- _Directions for this task_: Pictures do not belong in the copy. Return all of the entries exactly.

(Collected data)
_ _ _ _ _
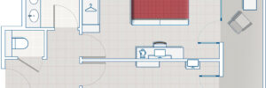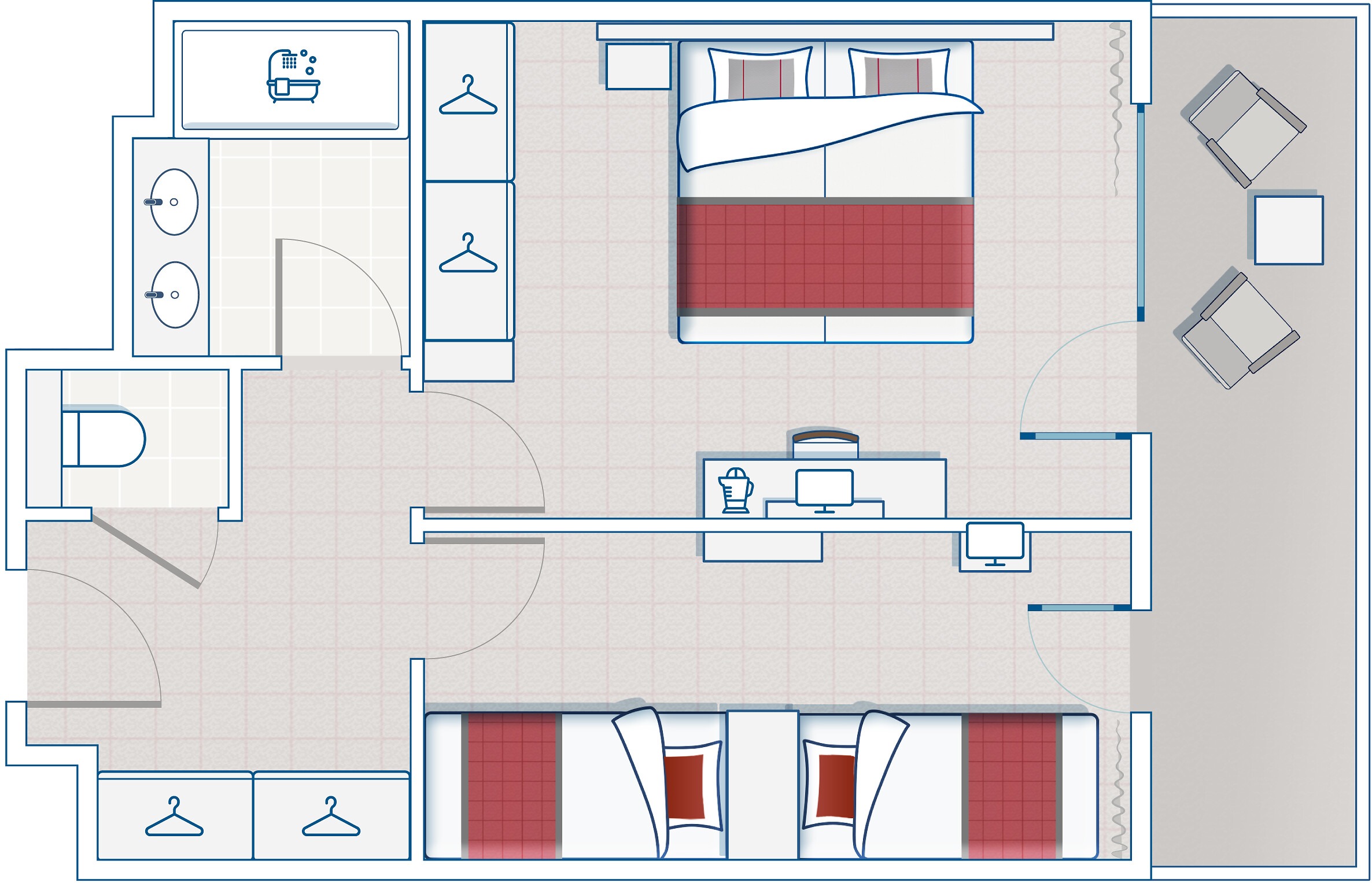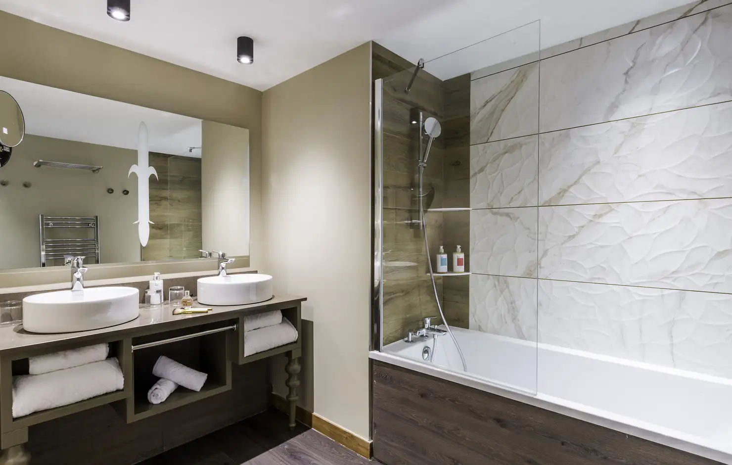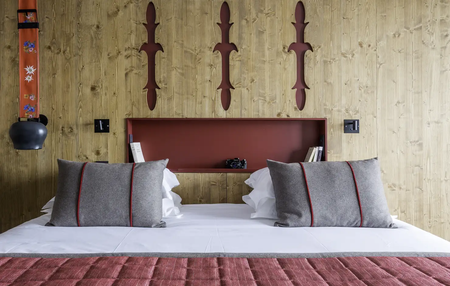 La camera è ideale per le famiglie ed è progettata con 2 spazi notturni separati, un bagno e un balcone arredato. La camera rende omaggio alla tradizione della montagna. Il legno, la campana e i motivi floreali tipici della Savoia, come la stella alpina, sono tutte caratteristiche tradizionali degli chalet alpini.
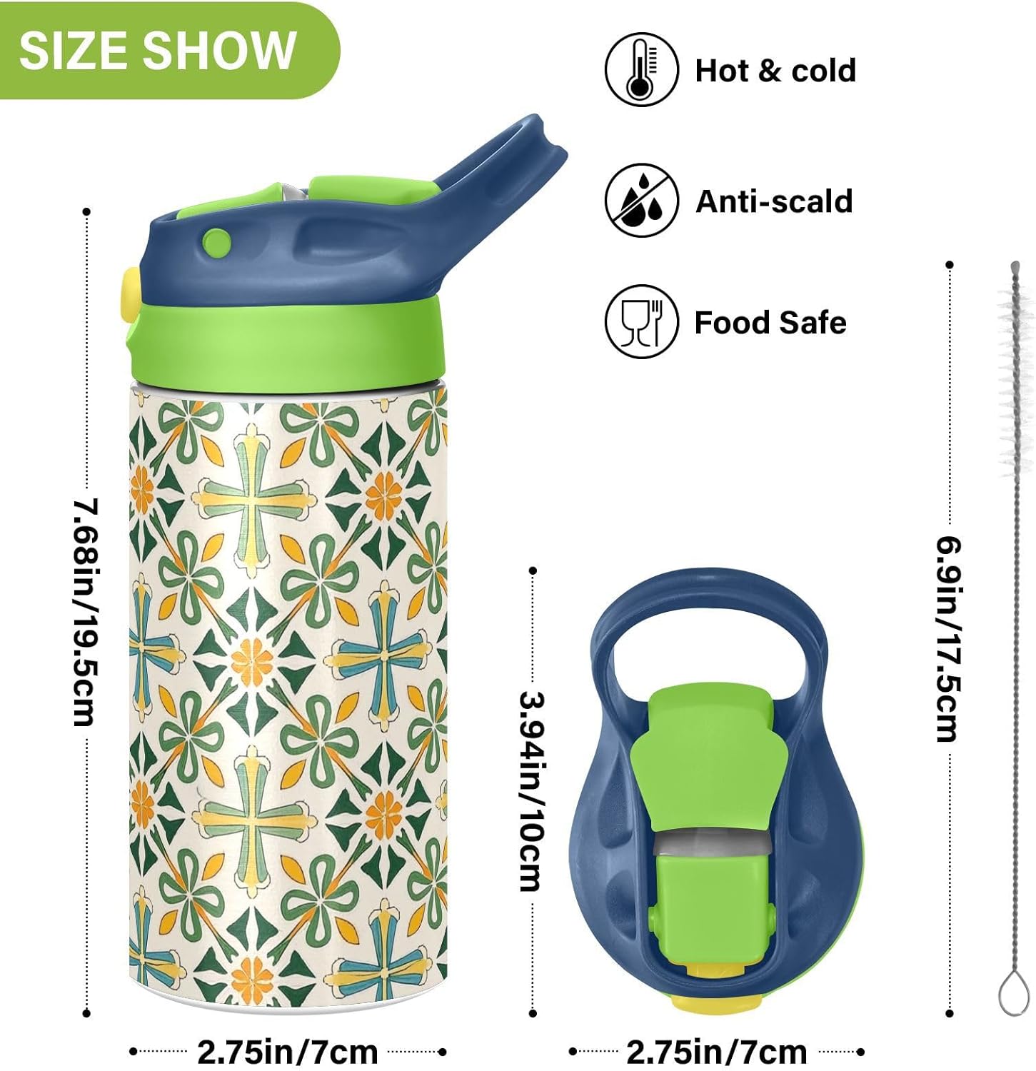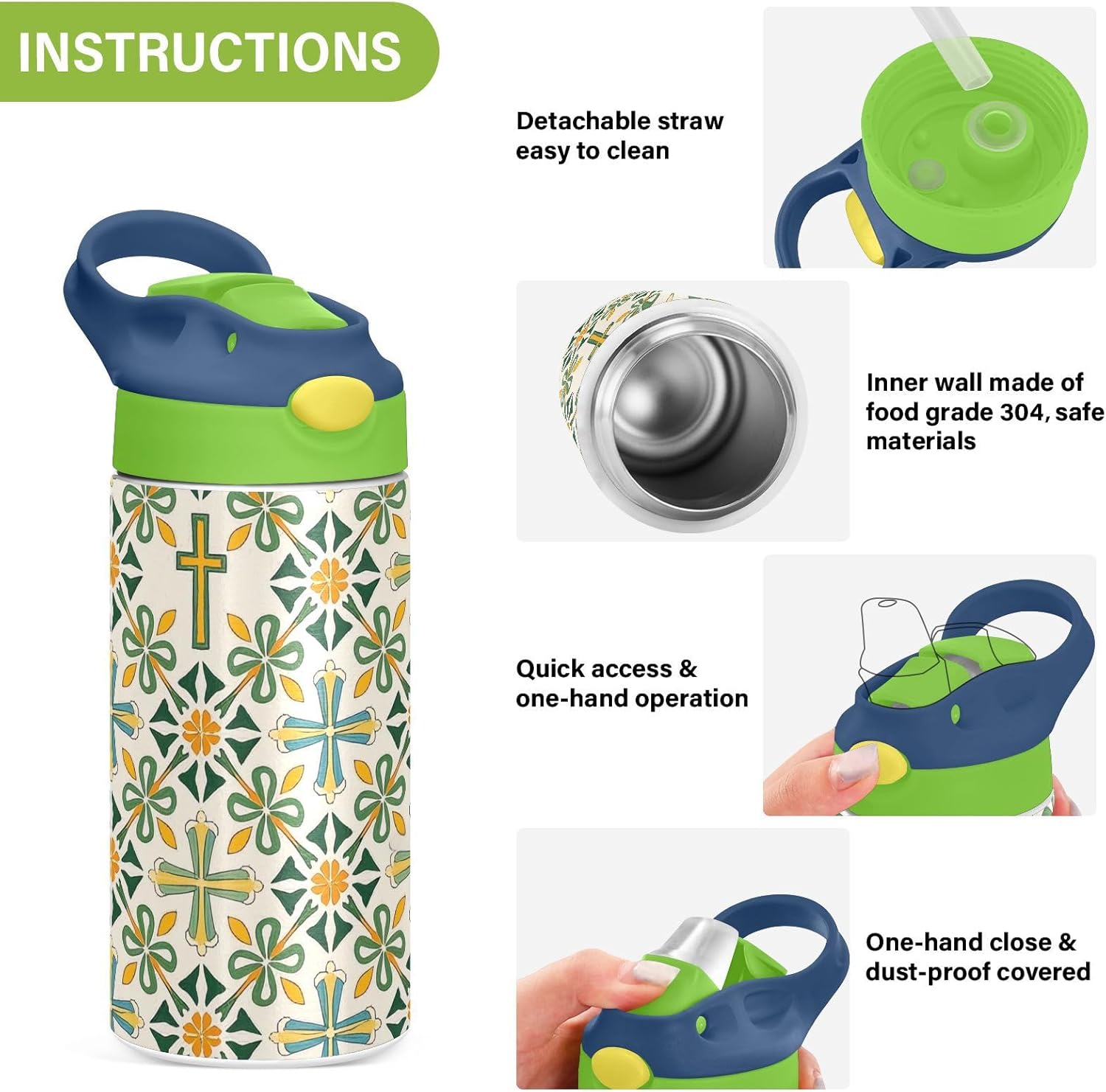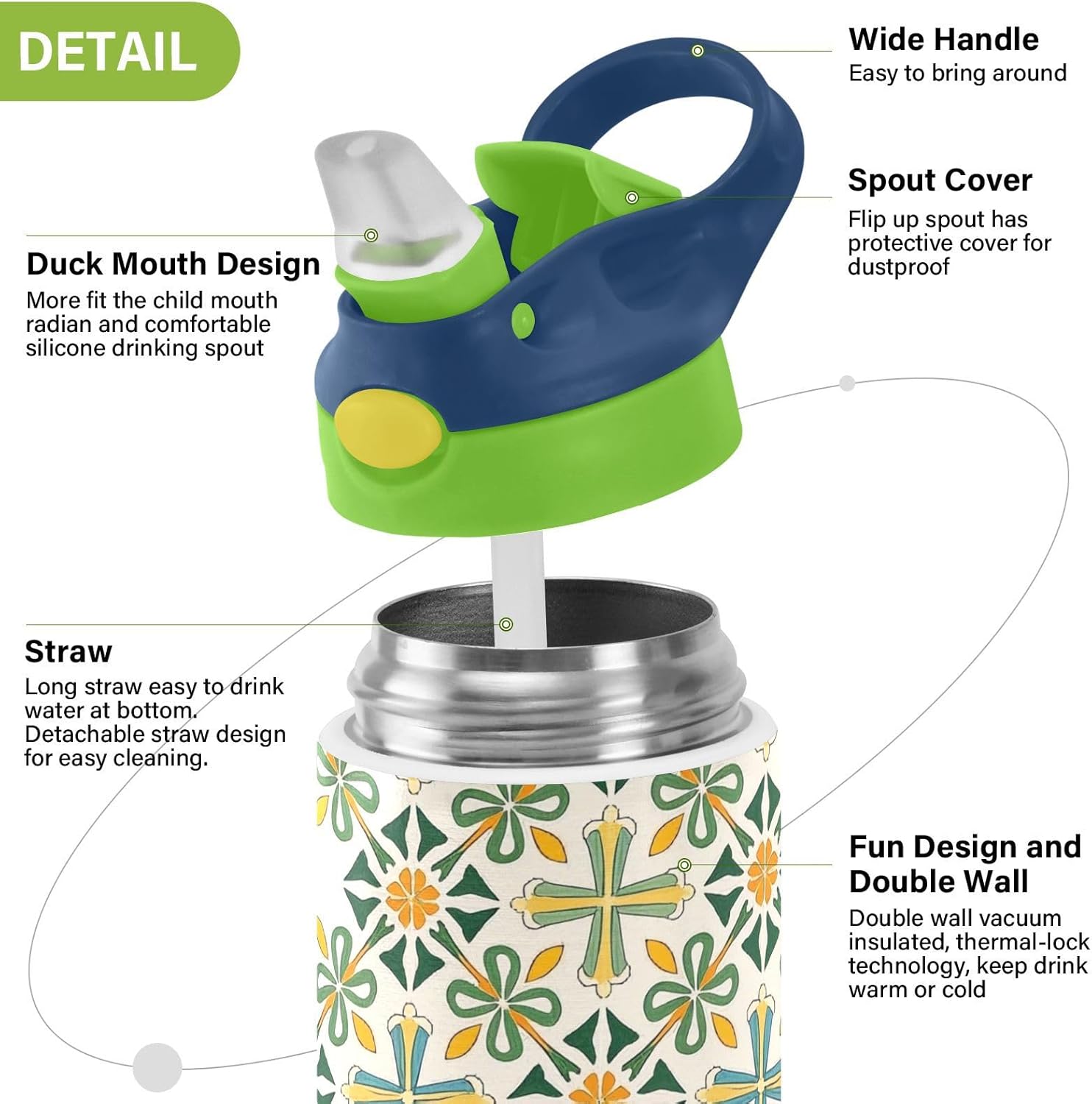 Materiali di qualità: borraccia sportiva (19,5 x 7 cm) utilizza tritan e silicone alimentare. Ideale per pratica sportiva o picnic. Non adatta a bambini di età inferiore ai 3 anni Design portatile: l'ampio manico è facile da impugnare per i bambini e il gancio del coperchio consente di attaccare le bottiglie d'acqua sportive agli zaini. Niente più bottiglie perse durante le gite sul campo o le attività dopo la scuola. Funzionamento con una sola mano: il becco d'anatra si adatta alla bocca dei bambini, con una copertura antipolvere. L'interruttore a pulsante della bottiglia d'acqua è semplice da usare con una sola mano, in modo che i bambini possano bere mentre tengono una palla o un notebook. Blocco di sicurezza: il blocco del pulsante impedisce lo scoppio accidentale del becco d'anatra. Previene le perdite quando viene gettato nello zaino, mantenendo asciutti snack e compiti. Facile da pulire: tutte le parti della borraccia possono essere smontate per evitare l'accumulo di sporco. Pulire con detergente neutro e acqua calda.
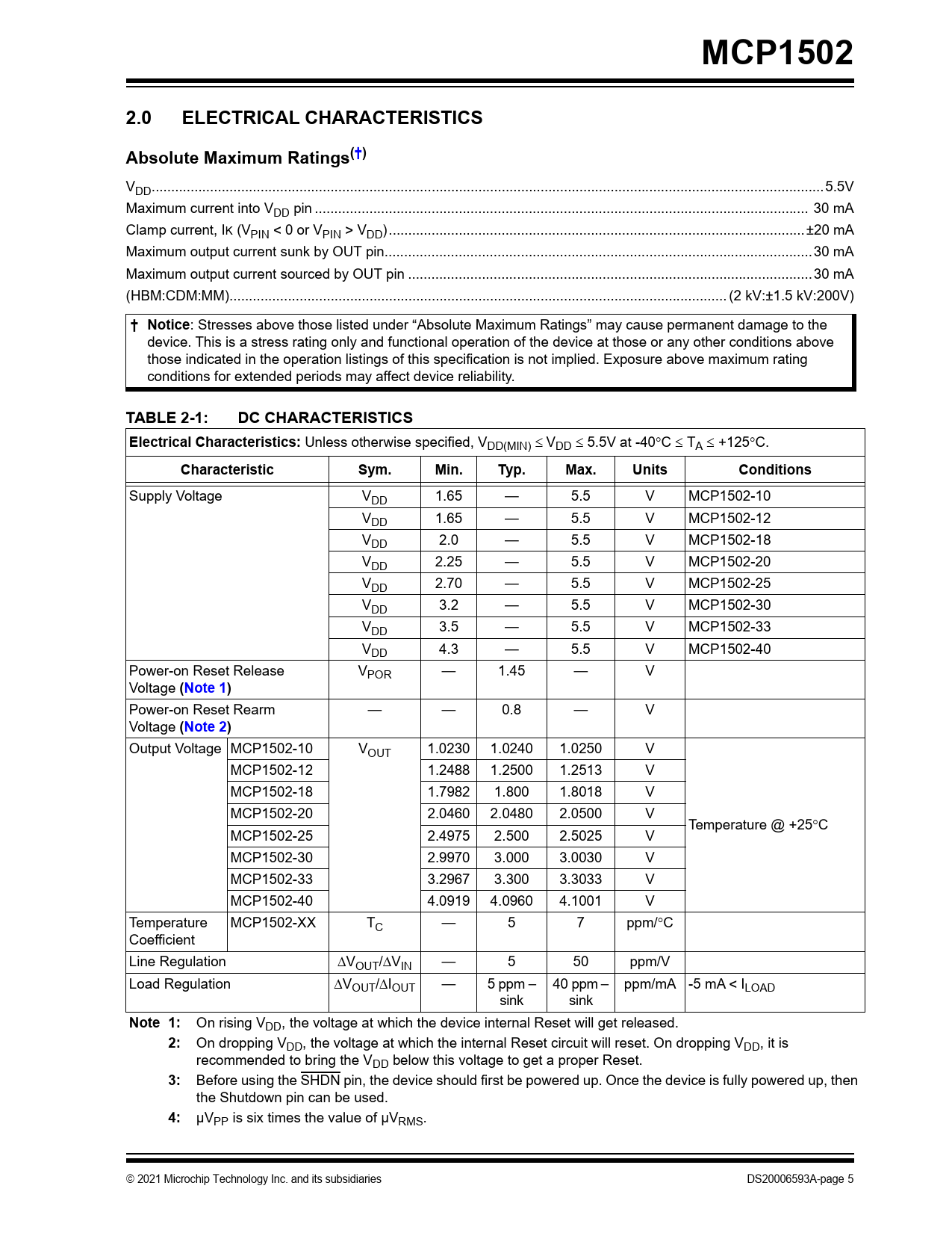 MCP1502. 2.0. ELECTRICAL CHARACTERISTICS. Absolute Maximum Ratings(†. † Notice. TABLE 2-1:. DC CHARACTERISTICS
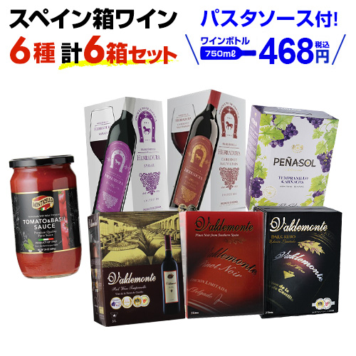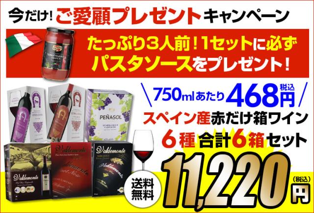 期間限定パスタソース付き ボトル換算468円(税込) 送料無料 赤だけ箱ワイン 6種6箱セット 長S
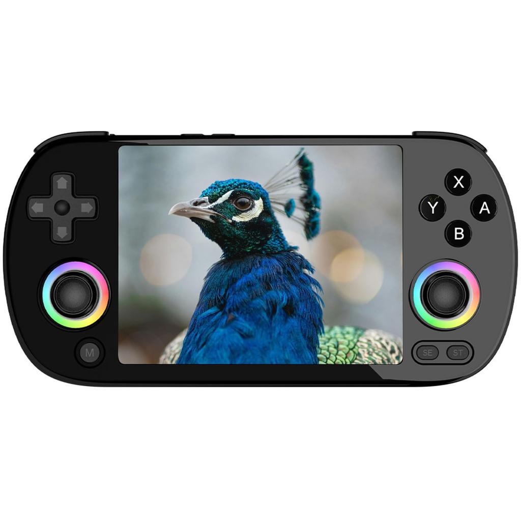 【ANBERNIC RG40XX H Game Machine】RG40XX H has a 640*480 high resolution screen, ensuring vivid visual effects and vibrant colors, RG40XX H makes games come alive. 16 million color RGB joystick light supports many light effects such as constant brightness, breathing, rainbow, lamp cover, tracking, gaming, 40XXH supports custom color and brightness adjustment.
_ _ _ _ _
- _Answer below_:
 La camera è ideale per le famiglie ed è progettata con 2 spazi notturni separati, un bagno e un balcone arredato. La camera rende omaggio alla tradizione della montagna. Il legno, la campana e i motivi floreali tipici della Savoia, come la stella alpina, sono tutte caratteristiche tradizionali degli chalet alpini.
 Materiali di qualità: borraccia sportiva (19,5 x 7 cm) utilizza tritan e silicone alimentare. Ideale per pratica sportiva o picnic. Non adatta a bambini di età inferiore ai 3 anni Design portatile: l'ampio manico è facile da impugnare per i bambini e il gancio del coperchio consente di attaccare le bottiglie d'acqua sportive agli zaini. Niente più bottiglie perse durante le gite sul campo o le attività dopo la scuola. Funzionamento con una sola mano: il becco d'anatra si adatta alla bocca dei bambini, con una copertura antipolvere. L'interruttore a pulsante della bottiglia d'acqua è semplice da usare con una sola mano, in modo che i bambini possano bere mentre tengono una palla o un notebook. Blocco di sicurezza: il blocco del pulsante impedisce lo scoppio accidentale del becco d'anatra. Previene le perdite quando viene gettato nello zaino, mantenendo asciutti snack e compiti. Facile da pulire: tutte le parti della borraccia possono essere smontate per evitare l'accumulo di sporco. Pulire con detergente neutro e acqua calda.
 MCP1502. 2.0. ELECTRICAL CHARACTERISTICS. Absolute Maximum Ratings(†. † Notice. TABLE 2-1:. DC CHARACTERISTICS
 期間限定パスタソース付き ボトル換算468円(税込) 送料無料 赤だけ箱ワイン 6種6箱セット 長S
 【ANBERNIC RG40XX H Game Machine】RG40XX H has a 640*480 high resolution screen, ensuring vivid visual effects and vibrant colors, RG40XX H makes games come alive. 16 million color RGB joystick light supports many light effects such as constant brightness, breathing, rainbow, lamp cover, tracking, gaming, 40XXH supports custom color and brightness adjustment.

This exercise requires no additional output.